His wounds cost him use of his right arm but he entered state politics and soon became a longtime Republican power-broker, representing Kansas in the US House of Representatives from 1961 to 1969 and in the Senate until 1996. He had spells as chairman of the Republican National Committee and as Senate minority and majority leader.

In 1976 he was the Republican nominee for vice-president to Gerald Ford, in an election the sitting president lost to Jimmy Carter.
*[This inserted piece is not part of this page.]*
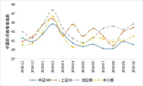 2019年10月,创业板投资者情绪指数为44.7,较上月上升了2.8%,为本月上升幅度最大的板块;中小板投资者情绪指数为42,较上月上升了2.4%;上证50投资者情绪指数为43.9,较上月上升了2%;中证500投资者情绪指数为40.1,较上月小幅下跌了1.7%,为本月唯一下跌的板块(图5)。

Two decades later, aged 73, Dole won the nod to take on Bill Clinton.

Against the backdrop of a booming economy, the Democrat won a second term with ease, by 379 – 159 in the electoral college and by nine points in the popular vote, the third-party candidate Ross Perot costing Dole support on the right.

Dole received both the Presidential Medal of Freedom and the Congressional Gold Medal, the highest US civilian honours.

In the Trump years and after, Dole came widely to be seen as a figure from another time in Republican politics.

On Sunday, the political consultant Tara Setmeyer, a member of the anti-Trump Lincoln Project, tweeted: “I cast my first ever vote for president for Bob Dole in 1996. A war hero with a sharp sense of humor ? another piece of a once respectable GOP gone.”

However, Dole remained a loyal Republican soldier, telling USA Today this summer that though Donald Trump “lost the election, and I regret that he did, but they did”, and though he himself was “sort of Trumped out”, he still considered himself “a Trumper”.

Dole called Biden “a great, kind, upstanding, decent person”, though he said he leaned too far left.

He also said: “I do believe [America has]lost something. I can’t get my hand on it, but we’re just not quite where we should be, as the greatest democracy in the world. And I don’t know how you correct it, but I keep hoping that there will be a change in my lifetime.”

On Sunday, Jaime Harrison, the chair of the Democratic National Committee, said: “Sending heartfelt condolences and prayers to the family of Senator Bob Dole. We honor his service and dedication to the nation. May he Rest In Peace.”